Take the lines from the one with "Have you considered" through the end of the material below and repeat them exactly, dropping every picture.

▶ **SOURCE MATERIAL**
---
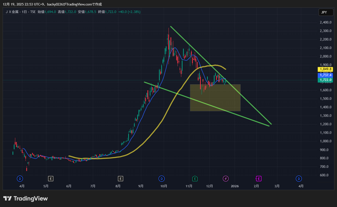 今回は JX金属(5713) の直近チャートをもとに、テクニカル・需給・日銀利上げの影響をまとめて、今後の見通しを初心者向けに噛み砕いて解説します。
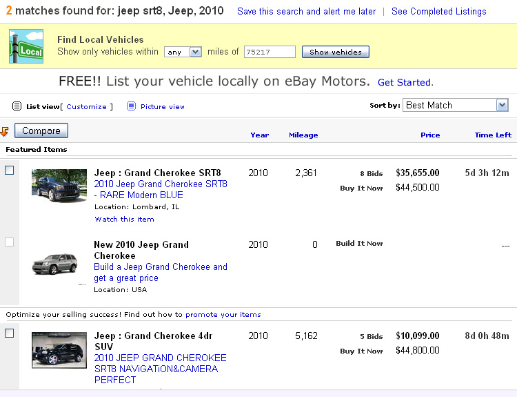 Have you considered looking on eBay? A lot of dealers advertise there... there are 14 Jeep SRTs on there now, including these 2010 models:
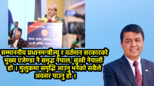 सम्माननीय प्रधानमन्त्रीज्यू र वर्तमान सरकारको मुख्य एजेण्डा नै समृद्ध नेपाल, सुखी नेपाली हो । मुलुकमा समृद्धि आउनु भनेको सबैले अवसर पाउनु हो । त्यसका लागि पैसा, वुद्धि, विवेक र सीपको लगानी गर्नुपर्यो । त्यो भन्दा पनि पहिले पैसाको लगानी हुनु आवश्यक छ । जसले पछि उत्पादन गर्दा श्रम र सीपको माग गर्नेछ ।
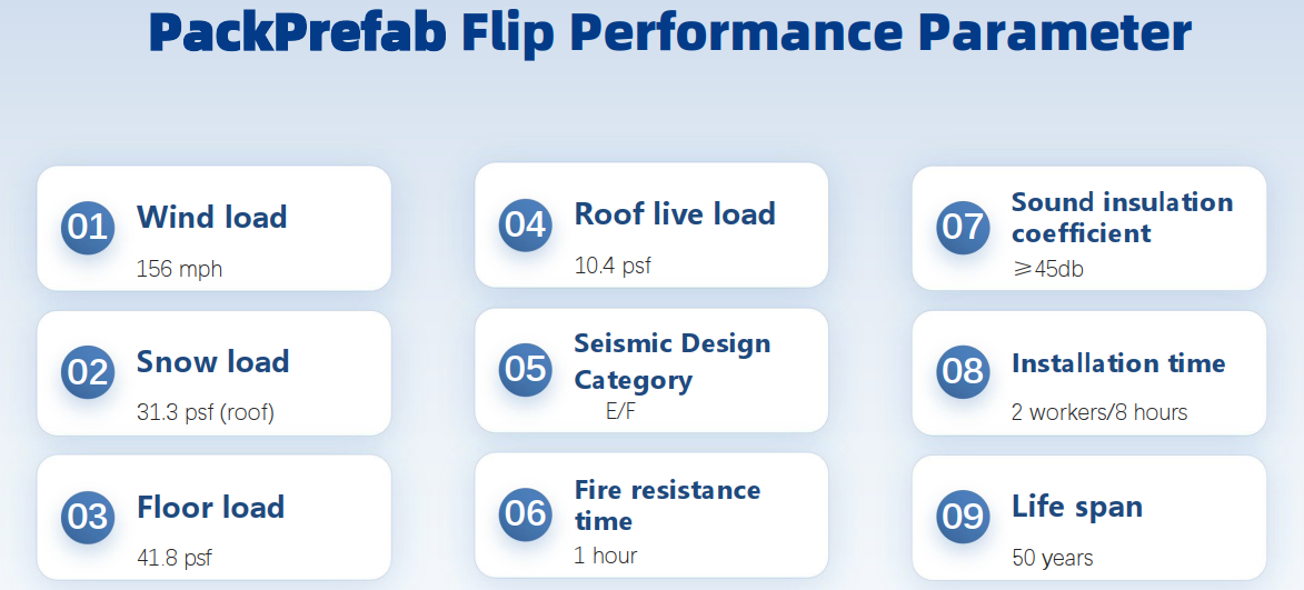 تم تصميم سلسلة Flip بجدران وأرضيات مسبقة الصنع، وتوفر الراحة أثناء السكن، والكفاءة أثناء النقل، ومساحة واسعة عند توسيعها، مع حمام مدمج. لا يتطلب تصميم المنتج سهل الاستخدام سوى بضع خطوات غير معقدة ليتم نشره على مدار ساعات.
---
▶ **TASK RESULT**
 Have you considered looking on eBay? A lot of dealers advertise there... there are 14 Jeep SRTs on there now, including these 2010 models:
 सम्माननीय प्रधानमन्त्रीज्यू र वर्तमान सरकारको मुख्य एजेण्डा नै समृद्ध नेपाल, सुखी नेपाली हो । मुलुकमा समृद्धि आउनु भनेको सबैले अवसर पाउनु हो । त्यसका लागि पैसा, वुद्धि, विवेक र सीपको लगानी गर्नुपर्यो । त्यो भन्दा पनि पहिले पैसाको लगानी हुनु आवश्यक छ । जसले पछि उत्पादन गर्दा श्रम र सीपको माग गर्नेछ ।
 تم تصميم سلسلة Flip بجدران وأرضيات مسبقة الصنع، وتوفر الراحة أثناء السكن، والكفاءة أثناء النقل، ومساحة واسعة عند توسيعها، مع حمام مدمج. لا يتطلب تصميم المنتج سهل الاستخدام سوى بضع خطوات غير معقدة ليتم نشره على مدار ساعات.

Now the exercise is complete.